Guest post: True inclusion requires more and more and more
Via J.A. at Miscellany Room, a little missive from his HR department:
Written by PRIDE: LGBTQIA2S+ employee resource group
Getting to true inclusion for LGBTQIA2S+ employees requires much more than an inclusive and respectful workplace policy or rainbow branding each year for Pride month.
True inclusion for LGBTQIA2S+ employees means creating a psychologically safe workplace environment and expanding allyship practices across all departments.
The PRIDE employee resource group has been actively advocating and working toward inclusion for LGBTQIA2S+ employees in both big and small changes this year, such as promoting inclusive benefits and policies for LGBTQIA2S+ employees and intentionally recruiting for LGBTQIA2S+ representation. PRIDE has also been working with HR on smaller steps like including personal pronouns in communications and HR systems and providing employee training to decrease the frequency of microaggressions (such as automatically asking women about husbands/boyfriends, asking men about wives/girlfriends, misgendering, tokenization of identity, use of derogatory language, failure to acknowledge queer relationships, exclusion from socializations, etc.).

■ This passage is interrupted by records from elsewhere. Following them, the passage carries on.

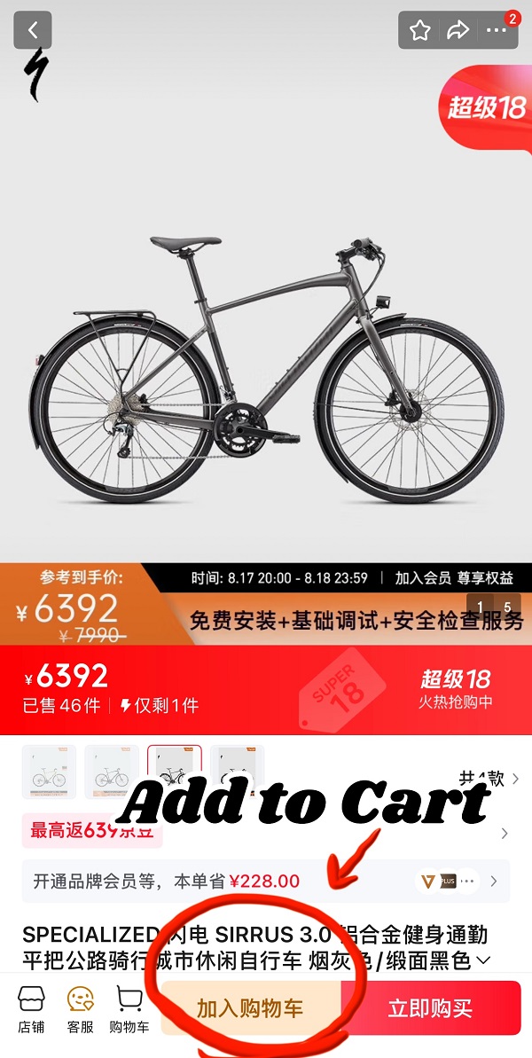 Tap a product to see its details, including specifications, reviews, and shipping options. If needed, take a screenshot and use a translation app for the description. Select your preferred variation, such as size, color, or model, and tap "Add to Cart" (Chinese: 加入购物车).
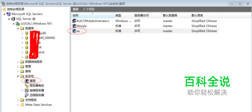 展开sqlserver组,找到要修改的实例。本例中只有一个实例Local,展开,找到“安全性”展开,然后点击“登录”,可以看到右侧窗口中有用户列表了,我们要改的是用户“sa”的密码。
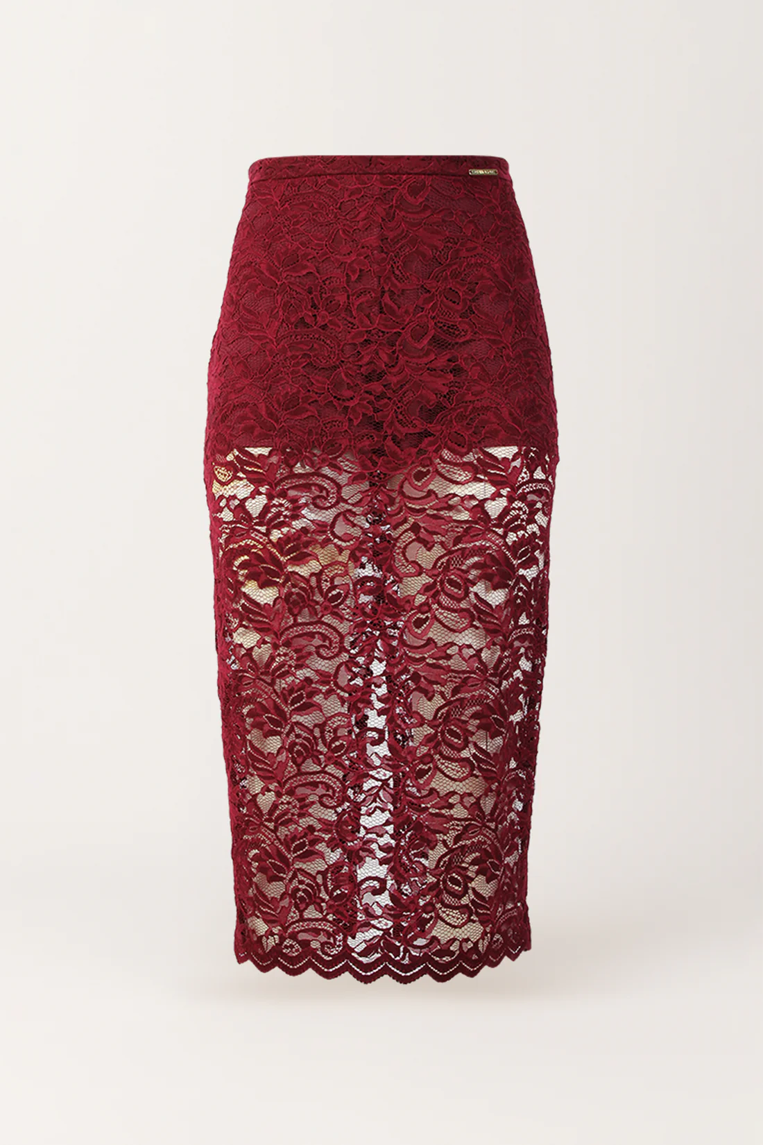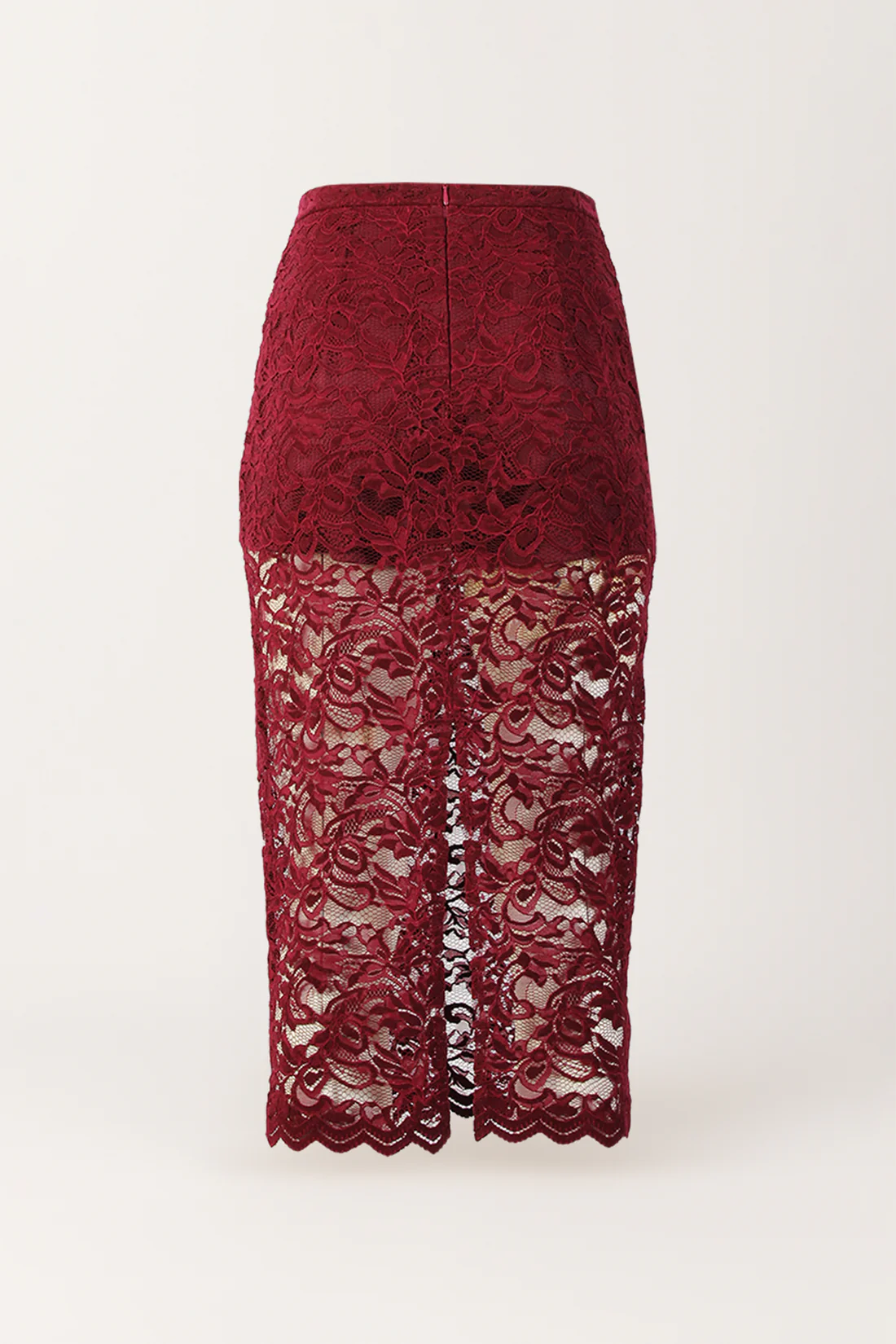 Saia midi em renda floral com forro curto. A transparência gradual destaca o padrão do tecido e o recorte ligeiramente ajustado mantém a linha do corpo. Bainha rendada com contorno irregular, pensada para movimento e contraste.

And part of true inclusion starts this week with National Coming Out Day which is commemorated each year on Oct. 11 and aims to “continue to promote a safe world for LGBTQ individuals to live truthfully and openly,” (Human Rights Campaign website). National Coming Out Day can trace its roots back to the 1987 March on Washington for Lesbian and Gay Rights. The march aimed to draw attention to the federal government’s inaction in confronting the AIDS crisis and the Supreme Court’s 1986 ruling upholding Georgia’s anti-gay sodomy law.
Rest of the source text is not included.